The Queen's Gambit
2020 - United StatesIt could not have been an easy "pitch": set in the high octane world of competitive chess, The Queen's Gambit is the story of a wholly fictional female player in the 1950s and 60s. Orphaned, she learns to play chess and turns out to be very good at it. She eventually gets adopted and wins a lot of chess matches. Then she loses a couple. Then she wins again. That is basically it.
There are no great twists or reversals or reveals, none of the stuff the scriptwriting books tell us really make a story exciting. There are no real villains or seemingly insurmountable obstacles. There is a subplot, and it cannot be called any more than that, about our heroine's apparent reliance on prescription medication and her drinking too much on occasion, but this is not at heart one of those powerful stories about overcoming addiction and alcoholism.

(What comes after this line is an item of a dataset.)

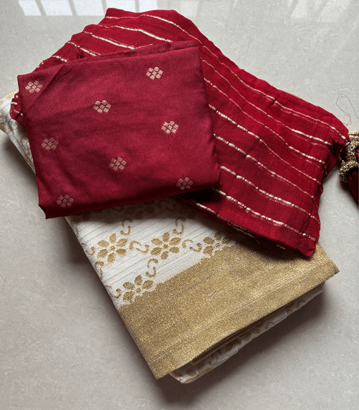 tep into timeless elegance with our Kerala Dawani, a perfect blend of traditional charm and contemporary grace. Crafted from premium-quality handloom cotton, this saree ensures unmatched comfort and breathability, making it ideal for all-day wear.

That The Queen's Gambit, having broken all the rules, was such a big hit with viewers and critics alike is due simply to it being a beautiful piece of craftsmanship - in its storytelling, its playing, and its production.
Apart from the easy to forget fact that its protagonist, Beth Harmon, is fictional, the structure of The Queen's Gambit is that of an old fashioned "biopic" or "miniseries" about a real person. The familiarity of this structure actually tricks us into thinking of Beth as a real person even when we know she is not. The absence of all those dramatic twists and reversals helps this process and actually makes the story more compelling. Audiences have become so used to those crude devices that they see them coming a mile away. We take it for granted that we are going to be surprised so that it comes as a surprise, a pleasant surprise, when things work out as they probably would in the real world.
The script seems to toy quite deliberately with our expectations. We think we know where it is going when we see the stern looking ladies at the dour orphanage, the old janitor who looks like a creepy loner, and the beaten down adoptive mother whose dreams have been destroyed. We are wrong, sometimes very wrong.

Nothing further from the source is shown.